Assignment:
Below are the records; extract from them the line containing "One 14K white" to the line containing "展示台上的候选人,推荐免试攻", both lines included, exactly and with no pictures.

Dataset:
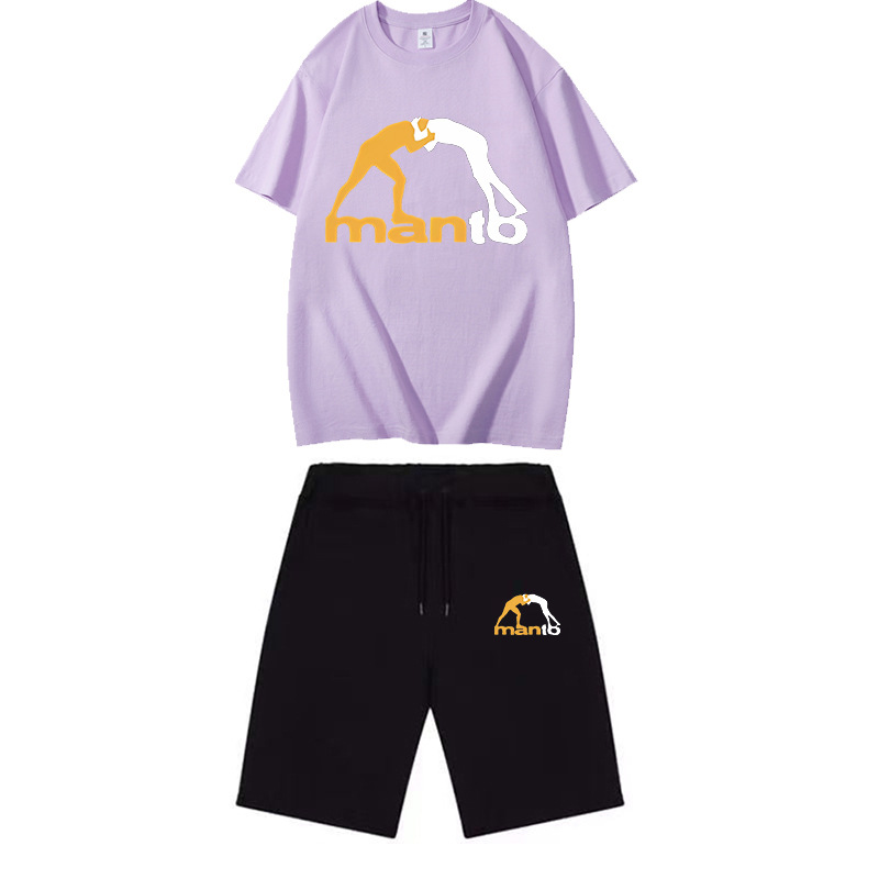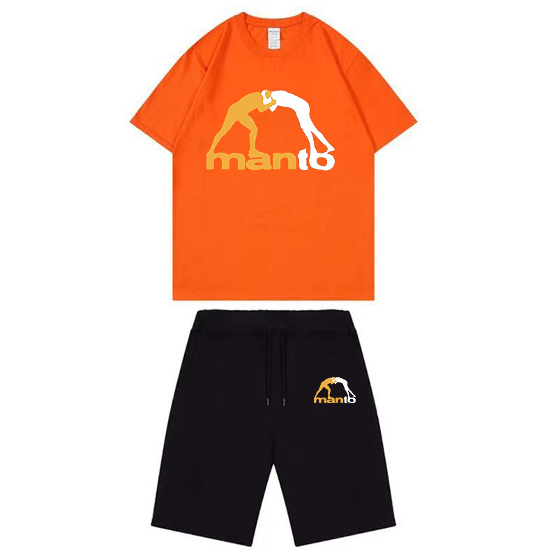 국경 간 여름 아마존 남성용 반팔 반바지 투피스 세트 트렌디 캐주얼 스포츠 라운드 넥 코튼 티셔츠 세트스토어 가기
---
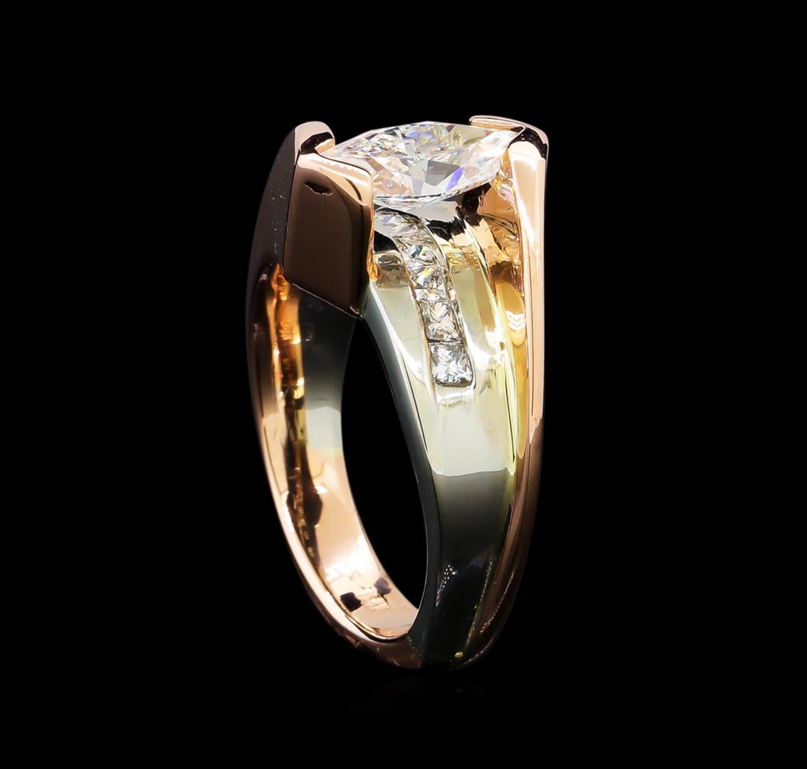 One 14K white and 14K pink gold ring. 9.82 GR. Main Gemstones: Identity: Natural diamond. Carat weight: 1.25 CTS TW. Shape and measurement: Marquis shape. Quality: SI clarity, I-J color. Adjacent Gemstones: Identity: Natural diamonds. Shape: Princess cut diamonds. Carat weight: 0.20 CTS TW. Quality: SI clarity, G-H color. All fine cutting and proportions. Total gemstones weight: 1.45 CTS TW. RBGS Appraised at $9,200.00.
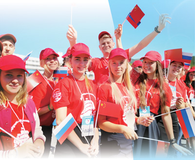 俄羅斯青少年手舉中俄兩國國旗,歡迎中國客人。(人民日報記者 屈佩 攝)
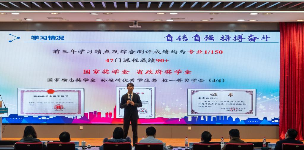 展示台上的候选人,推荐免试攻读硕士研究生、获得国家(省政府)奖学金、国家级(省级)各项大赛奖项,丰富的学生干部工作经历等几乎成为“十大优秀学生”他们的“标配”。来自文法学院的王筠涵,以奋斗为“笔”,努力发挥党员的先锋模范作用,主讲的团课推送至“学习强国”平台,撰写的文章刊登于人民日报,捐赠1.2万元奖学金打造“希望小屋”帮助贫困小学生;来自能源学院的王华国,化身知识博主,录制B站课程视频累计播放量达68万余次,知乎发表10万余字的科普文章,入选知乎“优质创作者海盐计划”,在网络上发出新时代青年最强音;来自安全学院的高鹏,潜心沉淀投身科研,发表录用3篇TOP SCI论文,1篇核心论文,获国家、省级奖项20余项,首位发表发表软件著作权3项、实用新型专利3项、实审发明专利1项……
* * *
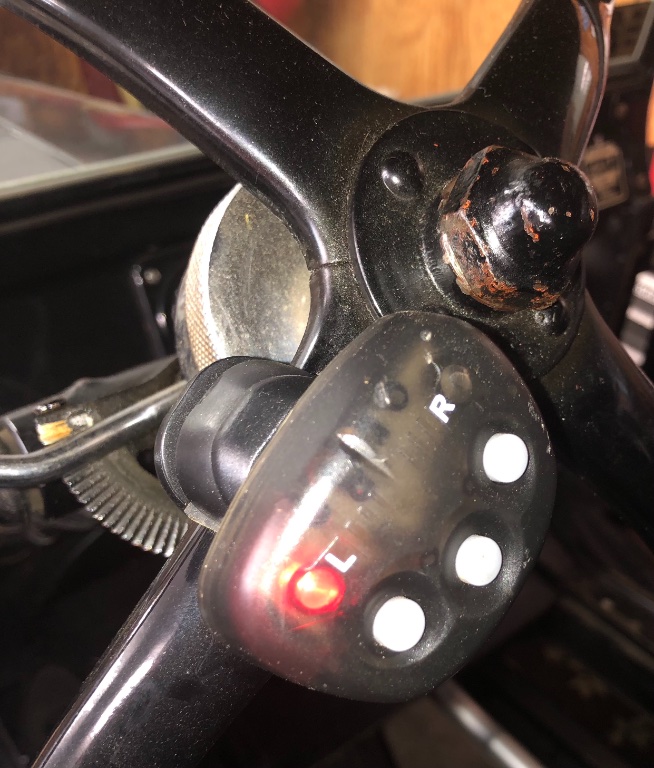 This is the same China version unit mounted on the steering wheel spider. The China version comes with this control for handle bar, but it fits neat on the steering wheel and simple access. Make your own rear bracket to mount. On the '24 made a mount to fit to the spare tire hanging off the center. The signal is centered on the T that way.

Result of the exercise:
 One 14K white and 14K pink gold ring. 9.82 GR. Main Gemstones: Identity: Natural diamond. Carat weight: 1.25 CTS TW. Shape and measurement: Marquis shape. Quality: SI clarity, I-J color. Adjacent Gemstones: Identity: Natural diamonds. Shape: Princess cut diamonds. Carat weight: 0.20 CTS TW. Quality: SI clarity, G-H color. All fine cutting and proportions. Total gemstones weight: 1.45 CTS TW. RBGS Appraised at $9,200.00.
 俄羅斯青少年手舉中俄兩國國旗,歡迎中國客人。(人民日報記者 屈佩 攝)
 展示台上的候选人,推荐免试攻读硕士研究生、获得国家(省政府)奖学金、国家级(省级)各项大赛奖项,丰富的学生干部工作经历等几乎成为“十大优秀学生”他们的“标配”。来自文法学院的王筠涵,以奋斗为“笔”,努力发挥党员的先锋模范作用,主讲的团课推送至“学习强国”平台,撰写的文章刊登于人民日报,捐赠1.2万元奖学金打造“希望小屋”帮助贫困小学生;来自能源学院的王华国,化身知识博主,录制B站课程视频累计播放量达68万余次,知乎发表10万余字的科普文章,入选知乎“优质创作者海盐计划”,在网络上发出新时代青年最强音;来自安全学院的高鹏,潜心沉淀投身科研,发表录用3篇TOP SCI论文,1篇核心论文,获国家、省级奖项20余项,首位发表发表软件著作权3项、实用新型专利3项、实审发明专利1项……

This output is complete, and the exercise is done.